The Johannesburg summit will leave an indelible mark on history — similar to the one left by the meeting of Asian-African countries in Bandung, Indonesia, on April 18-24, 1955. The Bandung Conference became a symbol of the oppressed nations which had gained independence after the end of World War II to mobilize against imperialism and colonialism. In fact, many countries gained independence by following the "Bandung Spirit". The Bandung Conference brought together former colonies and poor countries to seek more representation in international institutions such as the United Nations.

That the Johannesburg summit was attended by representatives of 55 developing countries shows the Global South is on the way to building a fair, just and equitable world order. The developing countries are doing so because they are home to the majority of the global population and contribute more than the developed countries to the global economy, and therefore are determined to stop a handful of rich countries from trampling on the rights of the vast majority.

Although the leaders of all BRICS member states contributed to the successful summit, President Xi Jinping deserves the most credit for its success, as he has been committed to BRICS' development. As he said, "Development is not the prerogative of a few countries, but an inalienable right of all countries."

While South African President Cyril Ramaphosa did justice to his role as the host of the summit and raised hopes of Global South solidarity by inviting two African countries to join BRICS, Indian Prime Minister Narendra Modi and Brazilian President Luiz Inacio Lula De Silva played their due roles in promoting the BRICS' agenda.

That the United States is alarmed by the rise of the developing world was evident in the US National Security Advisor Jake Sullivan's announcement on Aug 22, the day the BRICS Summit began, that President Joe Biden will call for reforms at the G20 Summit in New Delhi next month to ensure the International Monetary Fund and the World Bank better serve the needs of developing countries.

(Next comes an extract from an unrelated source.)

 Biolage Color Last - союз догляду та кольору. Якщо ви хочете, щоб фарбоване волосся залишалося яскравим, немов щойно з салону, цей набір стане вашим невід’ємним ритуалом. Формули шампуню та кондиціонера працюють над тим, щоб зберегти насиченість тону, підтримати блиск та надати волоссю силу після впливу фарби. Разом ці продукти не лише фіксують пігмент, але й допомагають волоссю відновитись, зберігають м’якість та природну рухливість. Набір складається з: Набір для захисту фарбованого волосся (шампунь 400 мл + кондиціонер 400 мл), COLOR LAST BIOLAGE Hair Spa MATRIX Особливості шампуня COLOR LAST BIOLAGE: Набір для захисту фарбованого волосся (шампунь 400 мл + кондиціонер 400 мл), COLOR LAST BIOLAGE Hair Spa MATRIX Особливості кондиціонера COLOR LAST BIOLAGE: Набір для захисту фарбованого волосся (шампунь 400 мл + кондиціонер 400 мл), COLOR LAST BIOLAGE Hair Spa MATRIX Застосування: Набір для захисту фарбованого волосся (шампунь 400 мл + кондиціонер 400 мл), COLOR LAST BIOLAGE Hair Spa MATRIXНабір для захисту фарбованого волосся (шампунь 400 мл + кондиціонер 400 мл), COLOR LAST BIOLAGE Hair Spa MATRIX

"We have heard loud and clear that countries are asking us to step up our support in the face of the overlapping challenges they face," Sullivan told reporters. According to him, Biden will devote much of his energy at the G20 Summit to seek the reform of multilateral development banks such as the IMF and the World Bank.

The US knows that the IMF will become irrelevant if it continues to control it. The IMF and the World Bank, established as part of the Bretton Woods system, are instruments that a few developed countries have been using to protect their own interests and impose harsh conditions on developing countries.

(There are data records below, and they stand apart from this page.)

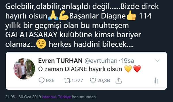 Spor Toto Süper Lig'de 35 puanla 2.sırada olan Galatasaray, Kasımpaşa'dan Mbaye Diagne'yi alarak forvet bölgesine takviyeyi yaptıktan sonra sarı kırmızılı taraftarlar, sosyal medyada adeta sevinçten çılgına döndü. İşte Galatasaray taraftarının forvet transferi için yaptığı capsler...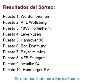 Lista de participantes: Bayer munich, Bor. Dortmund, Leverkusen, schalke 04, VFL Wolfsburg, Werden bremen, 1899 Hoffenheim, Hamburger SV, Hannover 96, VFB Stuttgart.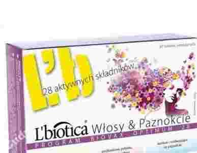 To kompozycja 28 aktywnych składników ukierunkowanych na wzmocnienie kondycji włosów i paznokci. Ponieważ często trudno jest określić, jakiego składnika potrzebują nasze włosy, tabletki powlekane L'biotica Włosy & Paznokcie zawierają związki uzupełniające niedobory substancji odżywczych oraz wpływają korzystnie na stan włosów i paznokci. Najważniejsze składniki to biotyna (witamina H), kwas foliowy, witamina A, witaminy z grupy B: B1,B2,B5,B6,B12, witamina C, witamina D3, witamina E, jod, cynk, żelazo, miedź, mangan, selen, molibden, krzem - wyciąg ze skrzypu polnego, wyciąg z pokrzywy, algi morskie, ekstrakt z liści zielonej herbaty, metionina i cystyna. Systematyczne przyjmowanie preparatu L'biotica Włosy & Paznokcie - Program Biovax Optimum 28 pomaga we wzmocnieniu włosów i utrzymaniu ich zdrowego wyglądu.

Even UN Secretary-General Antonio Guterres has said that "the IMF's rules unfairly favor rich countries". Using an example to illustrate this fact, Guterres said: During the COVID-19 pandemic, the wealthy Group of Seven nations, with a population of 772 million, received equivalent of $280 billion from the IMF while the least-developed countries, with a population of 1.1 billion, were allotted just over $8 billion.

The G7 currently holds 41.25 percent of the votes in the IMF, which means the US and its allies have almost complete control over the IMF's decision-making. Developing countries have enough experience to realize that Biden's "promise to reform" the IMF and the World Bank is just another tactic to maintain the US' hegemony.

One of the greatest injustices in the world is that Africa — with 54 countries and 1.3 billion people — is not represented in the UN Security Council, although more than 60 percent of the issues discussed by the Security Council concerns Africa. African countries can participate in such discussions only as non-permanent members of the Security Council.

The Jophannesburg summit has created a path to correcting the injustice done to Africa and the African people for centuries. And BRICS will help the continent to seek justice in the new era.

The author is chairman of Turkish-Chinese Business Development and Friendship Association. The views don't necessarily reflect those of China Daily.